Не менее, пожалуй, интересны, чем самый праздник, те эпизоды, которые ему сопутствуют. В течение двух или трех но­чей вся скопившаяся в Петергофе масса народа живет на бивуа­ке вокруг села. Женщины спят в каретах или колясках, крестьян­ки - в своих телегах. Все повозки, сотнями заключенные в сколо­ченные из досок сараи, представляют собой чрезвычайно живопис­ный лагерь, достойный кисти талантливого художника. Этот лагерь, в котором бок о бок живут кони, господа и слуги, возникает в силу необходимости, так как в Петергофе имеется весьма ограниченное число довольно грязных домишек и комната стоит от двухсот до пятисот рублей асе. (75-160 руб. сер.).

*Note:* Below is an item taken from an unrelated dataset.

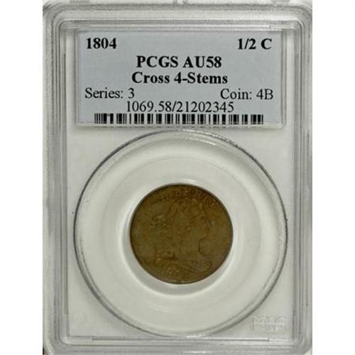 1804 1/2 C Crosslet 4, Stems AU58 PCGS

Посланники с семьями и свитой, а также представленные ко двору иностранцы получают квартиру и стол за счет императора. Для этой цели отведено обширное и изящное здание, называе­мое Английским дворцом. Это здание расположено в четверти мили от императорского дворца посереди прекрасного парка, раз­битого в английском стиле и оживленного прудами и ручейками. Обилие воды и холмистая, столь редкая в окрестностях Петер­бурга местность придают много прелести этому парку. Так как в нынешнему году число иностранцев оказалось больше обычного, для всех не нашлось места в Английском дворце. Поэтому я не ночую, но лишь обедаю там ежедневно, за отлично сервированным столом, в обществе дипломатического корпуса и семи или восьми­сот человек.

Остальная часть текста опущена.